APPLES AND ORANGES: The Hopkins-Wright bout will be replayed on regular HBO this Saturday before the live telecast of a strange “title” fight. With Mayweather giving up the WBClowns junior middleweight title that he won iin May from de la Hoya to remain the “retired” welterweight champion, Sulaiman and his gang have authorized the match between Vernon Forrest and Carlos Baldomir to be for their vacant 154-pound title and so what if Baldomir has just moved up from welterweight after a one-sided loss to Mayweather…..HBO probably could have done a lot better, I mean, Juan Diaz is looking for a date, but Forrest -Baldomir isn't the worst offering the network has proposed. And while few colleagues will be going to Tacoma for the biggest boxing match in the state of Washington's history, it is a WRITING fight. The storylines are wonderful. Baldomir was the latest Cinderella story, upsetting Judah in January, 2006, to win the undisputed 147-pound title, then knocking out Gatti a few months later before turning back into a pumpkin and losing every round to Mayweather….Forrest was fighter of the year in 2002 when he ended Mosley's unbeaten streak with two solid victories; the next year, though losing twice to Ricardo Mayorga (the second by majority decision in a contest I thought the Viper came back to win), he was voted the Marvin Kohn Good Guy Award for his work with Destiny's Child, the company he co-founded to help disadvantaged kids.

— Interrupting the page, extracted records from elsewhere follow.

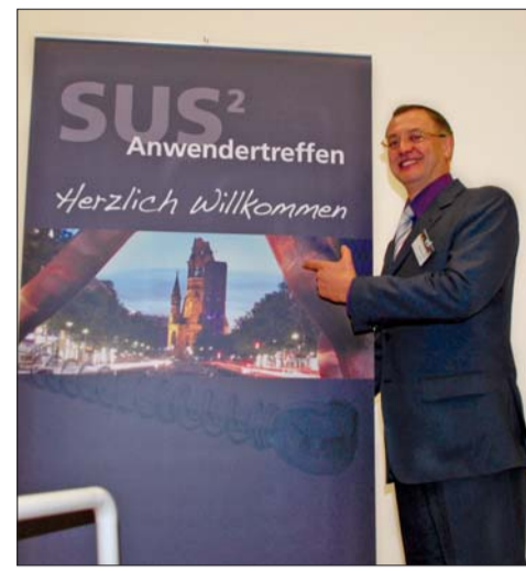
Gab wie weitere bekannte Referenten seine Erfahrungen rund um den klinischen Einsatz der Sabbagh Universal Spring weiter – Dr. Aladin Sabbagh.

Mit dem ersten SUS 2 -Anwendertreffen hatte die Dentaurum-Gruppe Mitte Oktober zu einem Top-Event in die Hauptstadt geladen. Rund 100 Teilnehmer folgten dieser Einladung mit großem Interesse. Eingeläutet wurde das Treffen mit einem exklusiven Abendessen im Feinkostrestaurant Käfer auf der Dachterrasse des Reichstages. Das Käfer-Team zauberte leckere Gaumenfreuden in eleganter Atmosphäre. Mitten im Stadtzentrum hatten die Gäste während des Dinners die Gelegenheit,
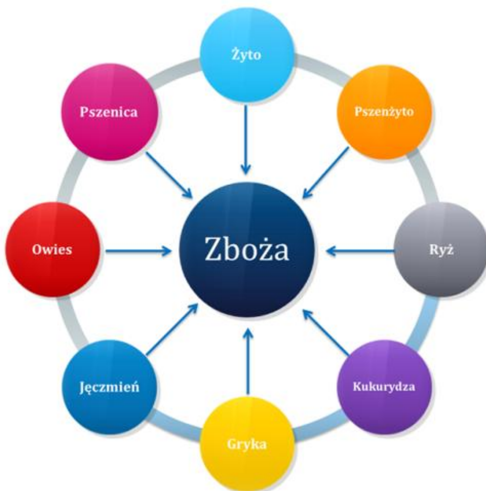
Rysunek 2.1 Podział zbóż

Zboża to rośliny, które wytwarzają ziarno. Ziarno jest przetwarzane na produkty zbożowe.
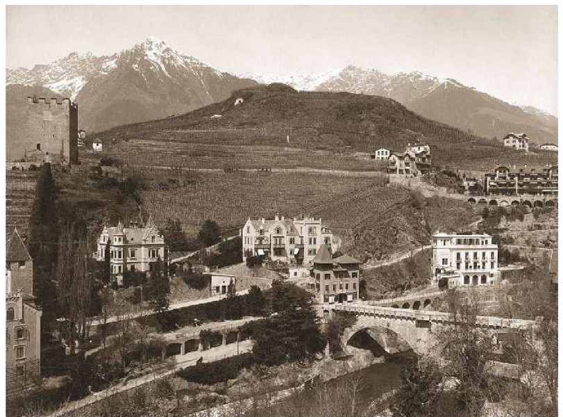
Villenbebauung ausserhalb des Passeirertors seit den 1870er Jahren

Weniger der Wettbewerb der Stile und noch weniger die Genialität einzelner Baukünstler brachten den Ort weiter als das von Pixner Pertoll beschrie-
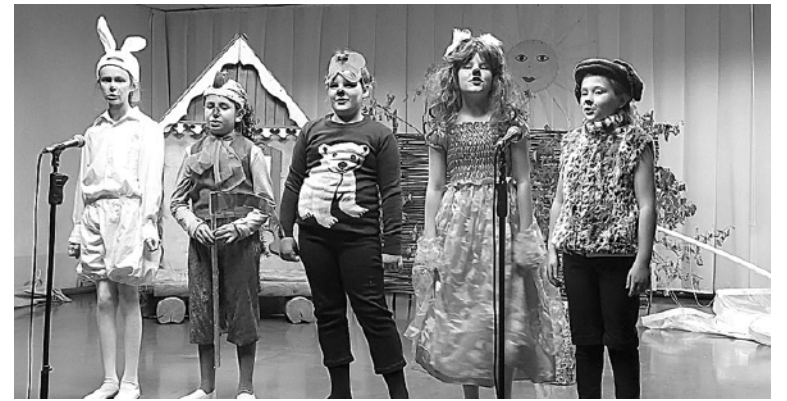
* Ребята выступали просто замечательно!

Юлия КЕРН, специалист по методике клубной работы МАУК «Овация»

Mayorga is the only blemish on Forrest's 38-2 record with 28 knockouts. But while the 1992 Olympian outclasses Baldomir, he has been sidelined by recurring arm injuries and his left jab is not as straight and hard as it was when upsetting Mosley. He has turned over his training to Buddy McGirt and that should be a good fit. 

Baldomir, 43-10-6 with only 13 stoppages, should be a large underdog in this matchup of 36-year-old former welterweight champions. But he's gone around the world upsetting fighters, even undefeated ones, in their home towns. He's an earnest plodder, but if Forrest is anywhere near healthy, he should prevail.

PENTHOUSE FOR ME: In case you hadn't noticed, in more than 3,500 words, I have not mentioned a heavyweight. Okay, I quoted Hopkins who cited two dead ones, Jersey Joe Walcott and Ezzard Charles, but if boxing is to do more than survive, it must learn to pull its weeds.